Charles Afuakwah (born 27 June 1966 in Ghana) is a Ghanaian-born Scottish former rugby union player who played for Glasgow Rugby, now Glasgow Warriors at the Lock position.

Rugby Union career

Amateur career

Before professionalism he played for Glasgow Academicals RFC.

He played for newly merged team Glasgow Hawks from 1997 while he still played with the professional Glasgow side.

Provincial and professional career

He played for the provincial Glasgow District side before it became professional as Glasgow Warriors.

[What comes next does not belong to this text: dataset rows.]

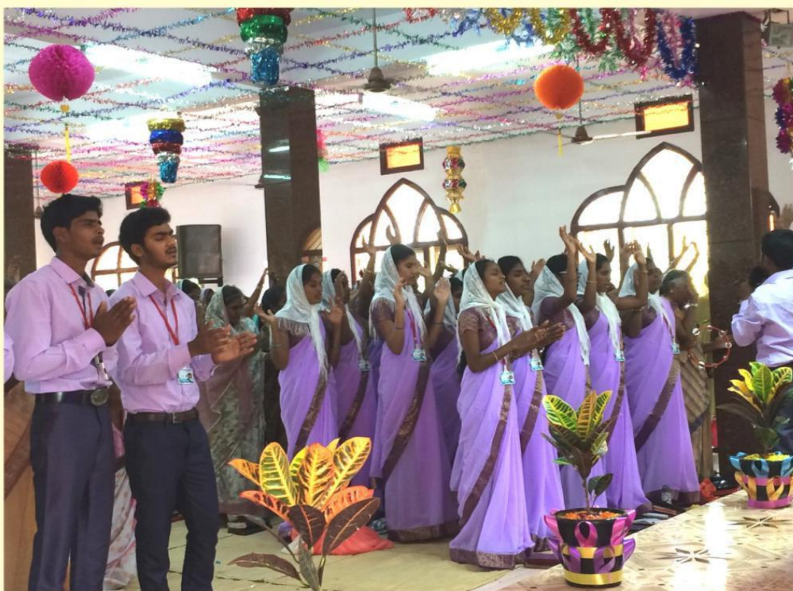
Saints of India singing praises unto The Lord

The saints introduced us to their families, opened their homes, cooked for us, and
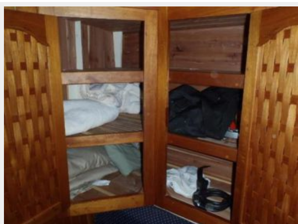
Forward Cabin cabinets
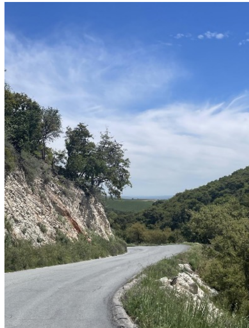
When we finally broke out of the hills, the screamer descent back into Paso.
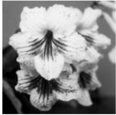
Streptocarpus 'Northwest Passage'

Rhizomatous plant, if not pinched can be 20 cm tall. Leaves hairy, dark green with reddish reverse, 4.3 cm long \times 2.5 cm wide, ovate with serrate margin and cuneate base. Calyx split, green with reddish tips, 5 mm long. Pedicel 1.5 cm long. Corolla salverform, 5 cm long \times 4.5 cm wide, pink with hint of salmon, yellow throat with magenta marking over it. Best New Hybrid 2001 AGGS Convention Flower Show.
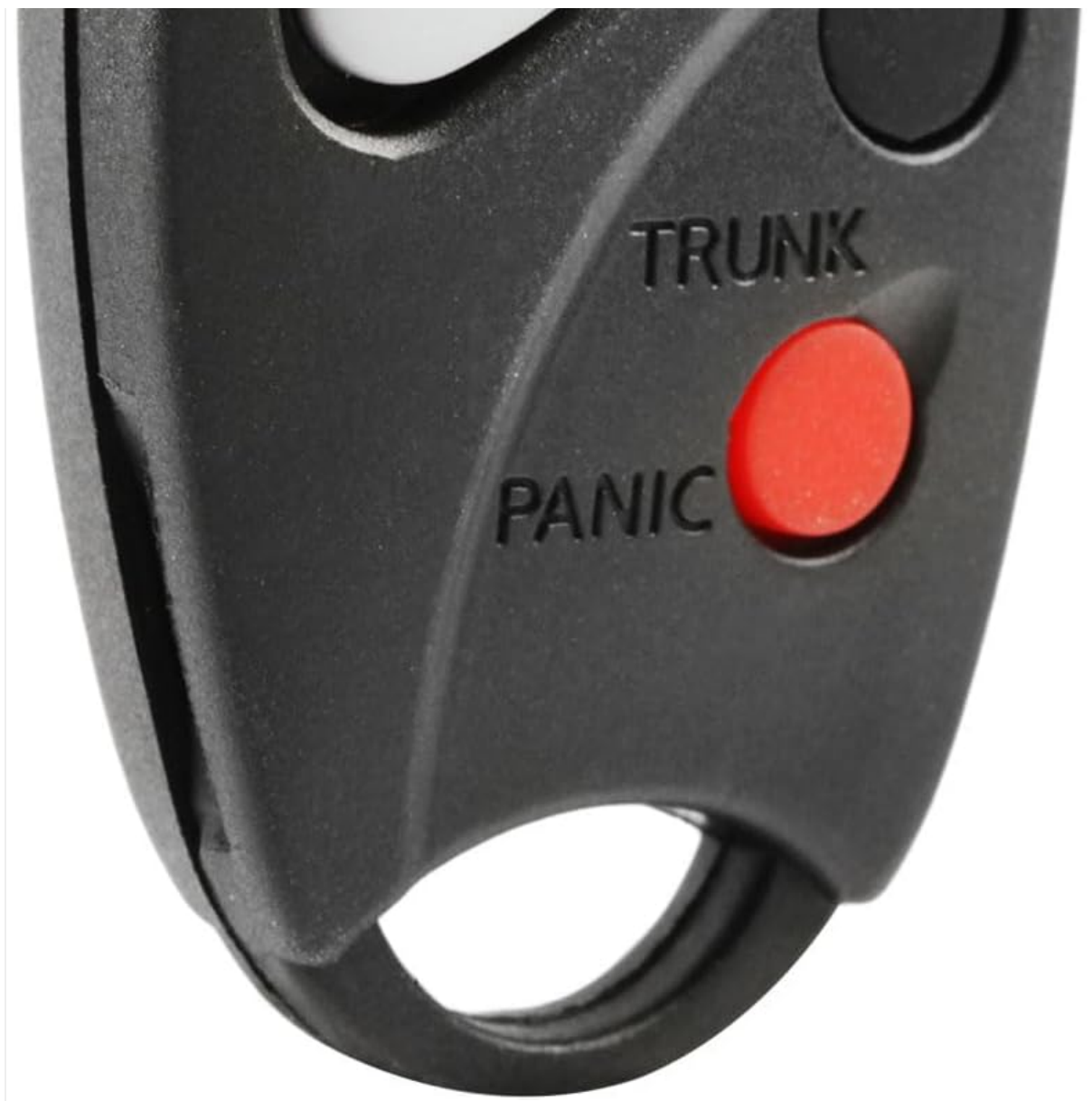
Image 1.1: Front view of the USARemote Key Fob, showing Lock, Unlock, and Panic buttons.

When the provincial side professionalised in 1996, Afuakwah was the starting Lock in Glasgow's European Rugby Challenge Cup match against French side AS Montferrand. He has the Glasgow Warrior No. 24.

Afuakwah played for Glasgow in the European Cup matches against Ulster Rugby and London Wasps in season 1997-98. Glasgow won against Ulster Rugby but was beaten by Wasps.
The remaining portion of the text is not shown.